Beberapa tahun lalu, setiap malam Mahendra selalu mengajakku ke salah satu cafe ternama. Di sana kami saling menemukan rasa yang sama-sama terbalas, tapi tidak akan pernah bisa bersatu karena ada suatu tembok penghalang yang membuat kami saling membuang muka.

"Aku benar-benar merindukanmu saat itu, Pak Mahendra."

Kecupan pertama tepatnya di bagian lapisan tipis yang selalu kuberi rona warna agar tidak terlihat pucat menjadi pusat perhatian untuknya bahkan dia mendaratkan hasratnya di sana.

Pergerakannya begitu sangat cepat, hal itu membuatku segera menggeleng pelan dengan sangat kuat berusaha untuk menjauhkan segala pemikiran yang ada dalam kepala.

"Argh, kenapa harus tentang ciuman sih yang terus memutari kepalaku?" tanyaku, sembari memegangi kepala dengan kedua tangan.

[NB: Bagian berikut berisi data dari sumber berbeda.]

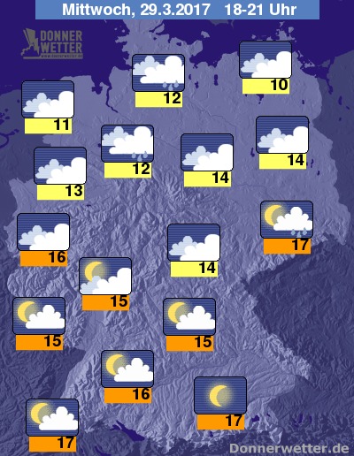 Am Abendeinbruch stillt der Regen zeitweise an der Ost- und Nordseeküste. Die Südhälfte Deutschlands bleibt weiterhin von Regenfall verschohnt und verbleibt zunächst trocken. In der Sächsichen Schweiz könnte es am Abend zu einzelnen Schauer kommen. Die Höchsttemperaturen liegen weiterhin bei Werten um 17 Grad C.
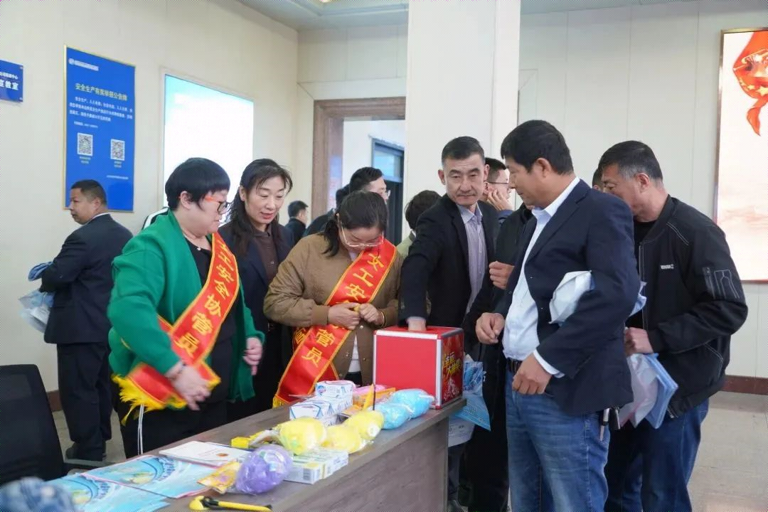 副井口大厅热闹非凡,女工协管员发放职业病防治宣传单。同时,她们把安全生产法律法规的内容制作成小纸条,集中放在一个抽奖箱里,让现场职工随机抽取,并准备了牙膏、香皂、洗发水作为奖励进行发放,答题现场气氛热烈,职工们踊跃参加。
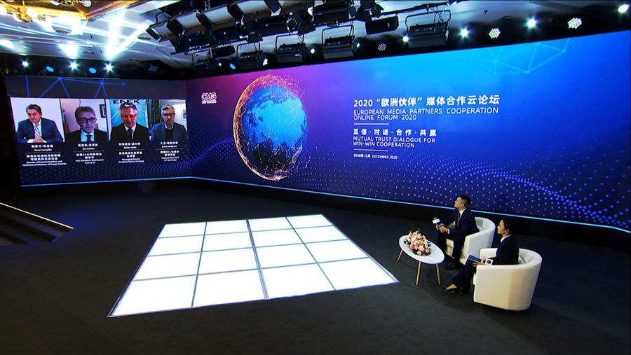 12月10日,中央廣播電視總臺以視頻連線的方式舉辦2020“歐洲伙伴”媒體合作云論壇。中宣部副部長、中央廣播電視總臺臺長、總編輯慎海雄出席并發(fā)表致辭,強(qiáng)調(diào)堅(jiān)持多邊主義,加強(qiáng)對話交流,構(gòu)建中歐媒體伙伴關(guān)系。中央廣播電視總臺相關(guān)代表與來自歐洲地區(qū)16個國家25家媒體機(jī)構(gòu)的28名與會代表圍繞“互信·對話·合作·共贏”主題,相聚云端展開對話,共同發(fā)布《加強(qiáng)媒體合作聯(lián)合聲明》,積極推動中歐媒體加強(qiáng)合作、同舟共濟(jì)、團(tuán)結(jié)抗疫,提振國際社會信心。
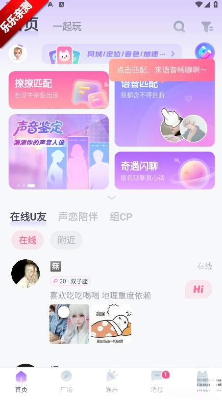 uki是一款面向年轻人的社交应用,核心定位是“兴趣社交”。它借助多样化的互动场景和智能匹配系统,助力用户迅速找到志趣相投的伙伴,以此满足大家在陪伴、恋爱、兴趣交流等方面的需求。软件提供文字与语音两种匹配方式,用户能快速和全球范围内的用户建立联系,从而驱散孤独感。平台会依据用户的兴趣标签(像二次元、阅读、运动等)以及行为数据,推荐匹配度极高的好友,以此提升交友的精准性。此外,还设有多人语音聊天房,用户可以加入各类主题派对(比如桌游、K歌、深夜谈心等),体验沉浸式的社交氛围;同时也支持创建或加入兴趣群组(例如游戏、音乐、电影等),方便用户与同好进行深度的交流互动。
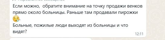 Двери в контору распахнуты, венки выставлены напоказ, прямо на крыльце. Это, конечно, «просто бизнес», но многих такое соседство смутило. Приехал лечиться — а тебе на подступах к медучреждению предлагают организовать похороны "под ключ".

"Ada Mahendra di depan halaman rumah." Bersamaan dengan ucapanku, ada suara lain yang bersumber dari Ibu. Aku segera menoleh dan mendapatinya yang tengah mematung berdiri tidak jauh dari tempatku.

Lalu, dia segera pergi begitu saja meninggalkanku dengan wajah yang kurang tidak suka.

Aku menutup mulut, mengingat ucapanku beberapa detik lalu. Apakah terdengar oleh Ibu? Atau bahkan Mahendra juga mendengarnya meski berada di depan halaman?

Dengan berat hati, pada akhirnya aku pun memutuskan untuk menemuinya.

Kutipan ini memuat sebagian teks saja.